**Information provided**.

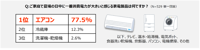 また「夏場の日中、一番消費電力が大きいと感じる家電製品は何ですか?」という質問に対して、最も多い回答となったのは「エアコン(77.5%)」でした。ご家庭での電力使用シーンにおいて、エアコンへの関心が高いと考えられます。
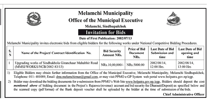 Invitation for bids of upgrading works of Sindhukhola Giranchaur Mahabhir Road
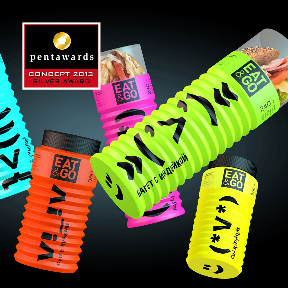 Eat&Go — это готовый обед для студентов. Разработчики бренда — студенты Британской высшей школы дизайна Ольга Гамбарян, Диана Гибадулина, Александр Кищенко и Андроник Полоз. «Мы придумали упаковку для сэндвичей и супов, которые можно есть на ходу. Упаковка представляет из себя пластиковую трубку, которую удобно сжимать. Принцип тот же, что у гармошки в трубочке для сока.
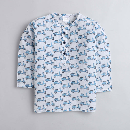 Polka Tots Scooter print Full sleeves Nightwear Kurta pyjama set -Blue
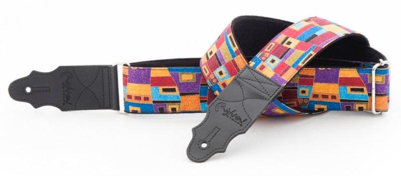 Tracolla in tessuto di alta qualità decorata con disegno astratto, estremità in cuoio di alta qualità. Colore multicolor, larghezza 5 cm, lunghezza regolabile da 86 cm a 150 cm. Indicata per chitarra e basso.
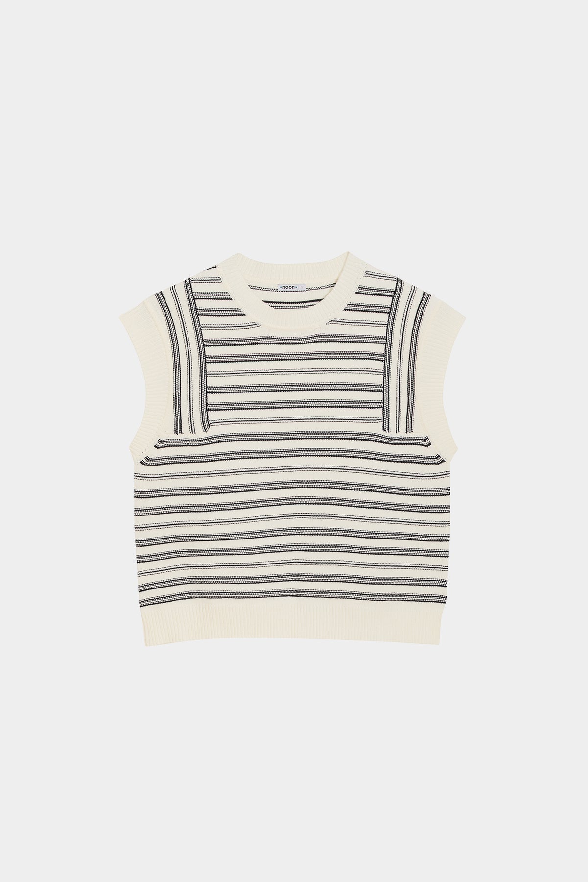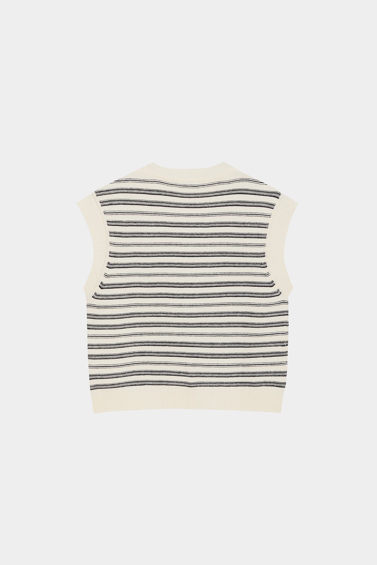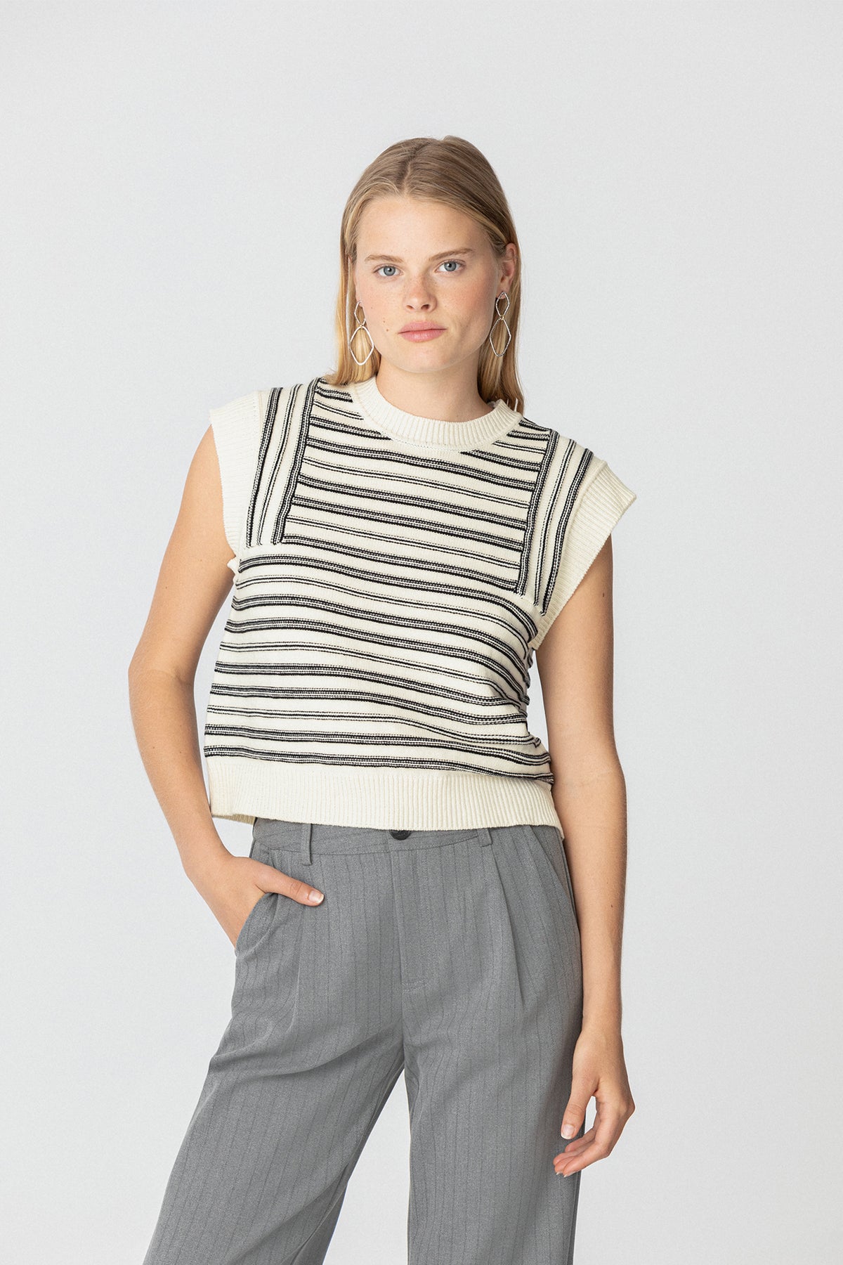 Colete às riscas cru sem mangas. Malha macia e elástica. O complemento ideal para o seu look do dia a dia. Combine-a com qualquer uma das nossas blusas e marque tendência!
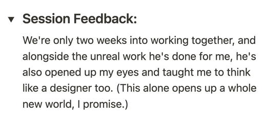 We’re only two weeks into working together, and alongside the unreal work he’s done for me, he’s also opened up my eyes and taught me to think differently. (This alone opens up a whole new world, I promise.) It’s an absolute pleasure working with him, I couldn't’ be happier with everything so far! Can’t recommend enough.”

**Task to complete**.
Retype each record exactly as it stands, but do not include the pictures.

**Task result**.
 また「夏場の日中、一番消費電力が大きいと感じる家電製品は何ですか?」という質問に対して、最も多い回答となったのは「エアコン(77.5%)」でした。ご家庭での電力使用シーンにおいて、エアコンへの関心が高いと考えられます。
 Invitation for bids of upgrading works of Sindhukhola Giranchaur Mahabhir Road
 Eat&Go — это готовый обед для студентов. Разработчики бренда — студенты Британской высшей школы дизайна Ольга Гамбарян, Диана Гибадулина, Александр Кищенко и Андроник Полоз. «Мы придумали упаковку для сэндвичей и супов, которые можно есть на ходу. Упаковка представляет из себя пластиковую трубку, которую удобно сжимать. Принцип тот же, что у гармошки в трубочке для сока.
 Polka Tots Scooter print Full sleeves Nightwear Kurta pyjama set -Blue
 Tracolla in tessuto di alta qualità decorata con disegno astratto, estremità in cuoio di alta qualità. Colore multicolor, larghezza 5 cm, lunghezza regolabile da 86 cm a 150 cm. Indicata per chitarra e basso.
 Colete às riscas cru sem mangas. Malha macia e elástica. O complemento ideal para o seu look do dia a dia. Combine-a com qualquer uma das nossas blusas e marque tendência!
 We’re only two weeks into working together, and alongside the unreal work he’s done for me, he’s also opened up my eyes and taught me to think differently. (This alone opens up a whole new world, I promise.) It’s an absolute pleasure working with him, I couldn't’ be happier with everything so far! Can’t recommend enough.”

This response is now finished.